On Mon, Mar 26, 2018 at 9:08 AM Jaime Botello <jbote...@riotgames.com>
wrote:

> Hi Paolo,
>
> Outside access to the environment is going to be difficult since is part
> of our production environment, however, we may be able to arrange some
> remote sessions if that's something that may work.
>
> Having said that, we were able to find a workaround that works as follows:
>
> Since pmacct can't serialize the data to something that pnda.io would
> understand, we set up a logstash instance that serves as message
> translation between pmacct and pnda.io.
>
>
>
> Logstash is configured to use pnda-avro codec plugin that supports
> ArrayByteSerialization.  This seems to be working for now and it will
> provide us with some time to figure out how we can integrate
> pmacct directly with pnda.io so we can increase the overall throughput of
> the system and maximize the efficiency.
>
> If there's any interest in the details, I can share some of the
> documentation we are working on right now.
>
> thank you
>
> --Jaime
>
> On Sat, Mar 24, 2018 at 1:28 PM, Paolo Lucente <pa...@pmacct.net> wrote:
>
>>
>> Hey Jaime,
>>
>> What you say does make sense to me and would be up to this dev. Can i
>> ask you if it would be a possibility to access your deployment (since i
>> do not have the PNDA framework deployed anywhere)? It would make easier
>> development and subsequent testing. If yes, we can follow up privately.
>>
>> Paolo
>>
>>
>> On Wed, Mar 21, 2018 at 07:56:42PM -0700, Jaime Botello wrote:
>> > Hey Paolo,
>> >
>> > I was thinking about this after reading a little bit more on how data is
>> > deserialized by pnda.io
>> >
>> > For example, if I download the file from pnda hdfs and read it using
>> avro
>> > tools, you can see pnda(kafka) was not able to deserialize the data.

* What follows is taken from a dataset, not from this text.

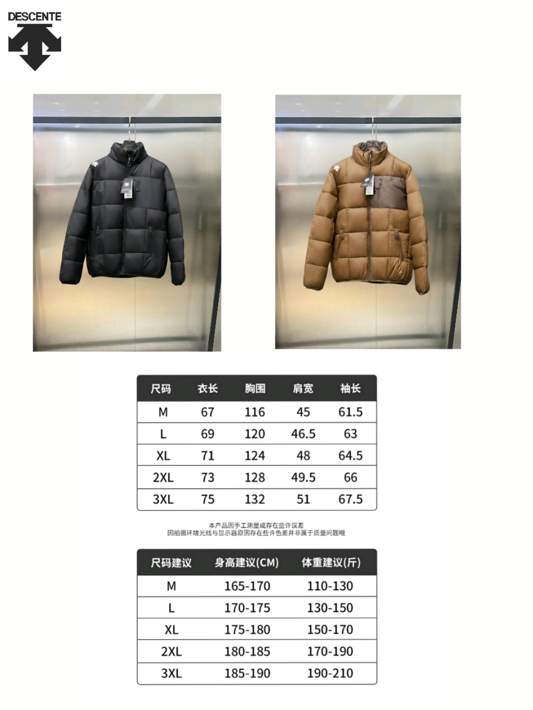 代发 高品质 迪桑特DESCENTE 2025户外运动立领短款羽绒棉服外套 冬季情侣款 同步专柜尺码 采用顶级羽绒棉 零下几十度无压力 严寒保护 面料采用高密度聚酯纤维材料 防寒防风防水防雪 做工细节完美 品质保证 颜色 黑色 咖啡色 尺码 M 3XL
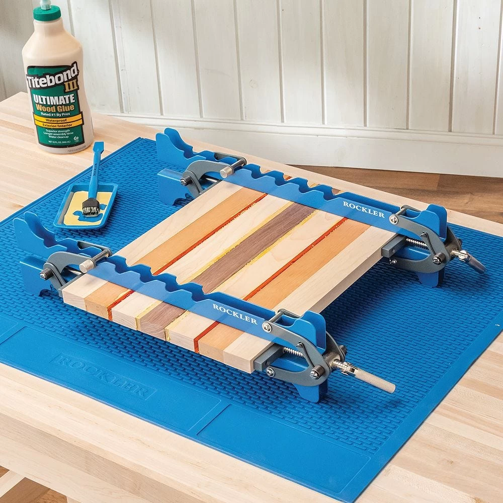 - Powerful four-way pressure clamps boards being edge glued to form a perfectly flat panel—no more bowing!

>> >  Since Pnda use byte array deserialization, and by reading their
>> logstash
>> > integration notes, they clearly mention they use byte array
>> serialization,
>> > don't you think we could fix this by just adding byte array
>> serialization
>> > into pmacct kafka plugin?
>> >
>> > Let me know if this make sense.
>> >
>> > thanks
>> >
>> > ubuntu@ip-10-180-221-47:~/datasets$ java -jar avro-tools-1.8.2.jar
>> tojson
>> > f0f01acf-5011-42ec-90b0-c18f21e4e2ab.avro
>> > log4j:WARN No appenders could be found for logger
>> > (org.apache.hadoop.metrics2.lib.MutableMetricsFactory).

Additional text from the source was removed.